The data |
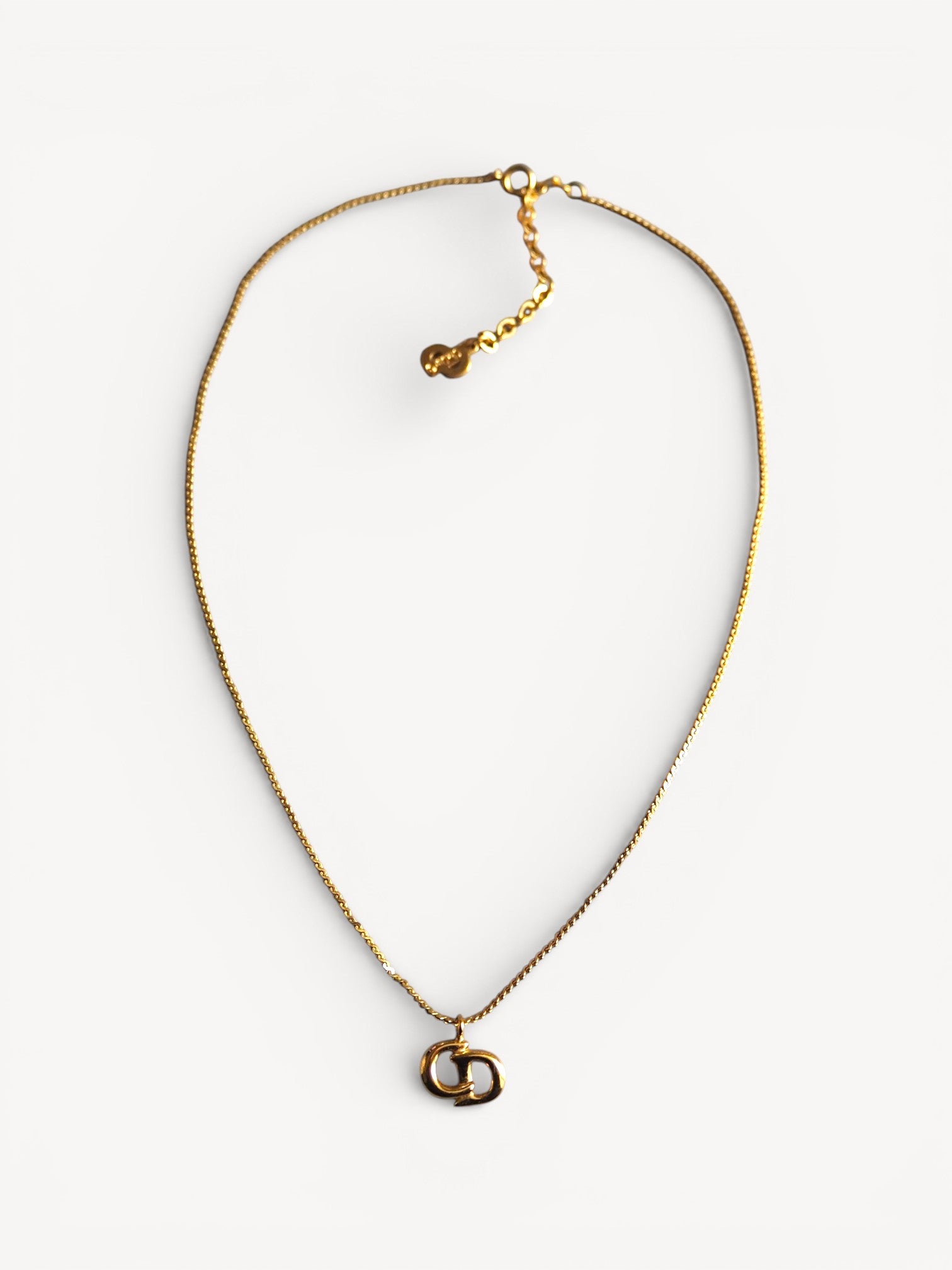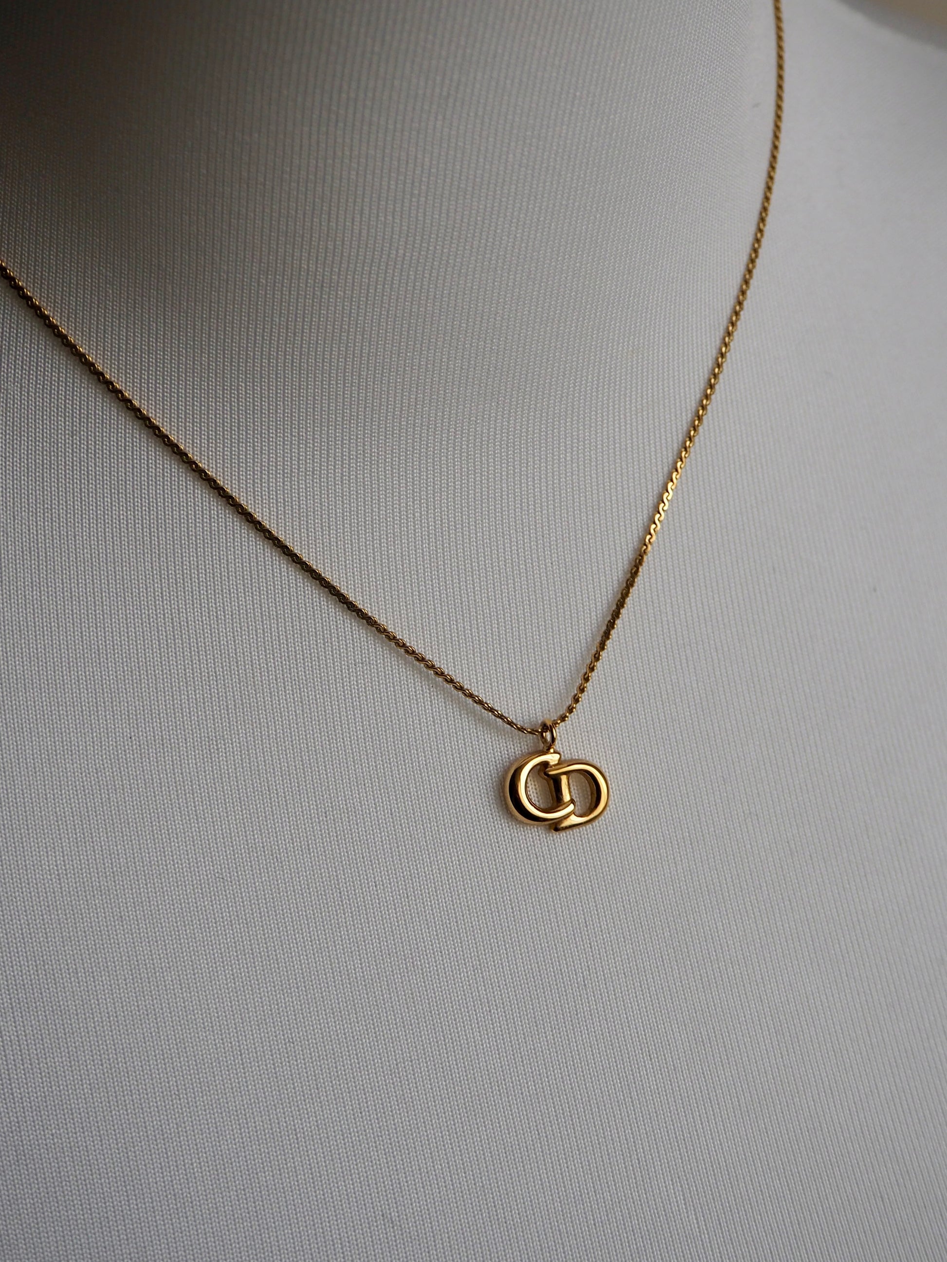 This 18k gold-plated Dior necklace features a fine chain and a polished CD logo pendant. Designed with an adjustable extension chain and finished with subtle branding at the clasp. Crafted from high-quality stainless steel, it has maintained its color and shine for over 20 years. Please refer to the images for a detailed view of the item.
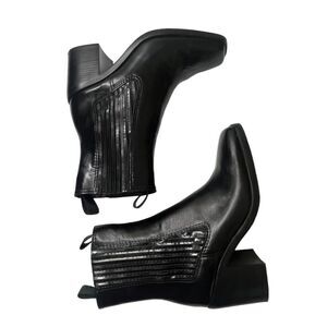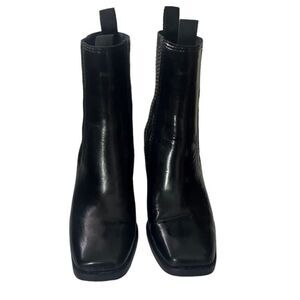 Loeffler Randall Arianna Square Toe Leather Black Ankle Boots size 6.5
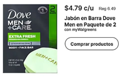 $c/u bans dove +care extra fresh body face men+car jabón barra paquete mywalgreens comprar productos
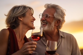 A picture of an older couple in love having a drink on the beach at sundown, festivals and occasions anniversary image
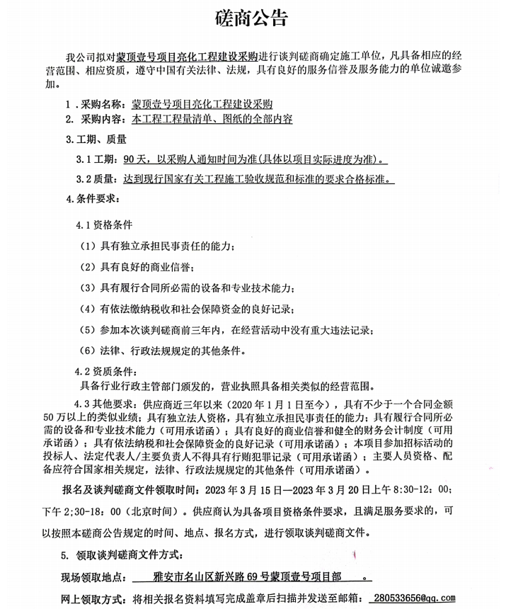 蒙頂壹號項(xiàng)目亮化工程建設(shè)采購磋商公告

Activity | Leaving the pictures out, give back each line above exactly.

Finished task |
 This 18k gold-plated Dior necklace features a fine chain and a polished CD logo pendant. Designed with an adjustable extension chain and finished with subtle branding at the clasp. Crafted from high-quality stainless steel, it has maintained its color and shine for over 20 years. Please refer to the images for a detailed view of the item.
 Loeffler Randall Arianna Square Toe Leather Black Ankle Boots size 6.5
 $c/u bans dove +care extra fresh body face men+car jabón barra paquete mywalgreens comprar productos
 A picture of an older couple in love having a drink on the beach at sundown, festivals and occasions anniversary image
 蒙頂壹號項(xiàng)目亮化工程建設(shè)采購磋商公告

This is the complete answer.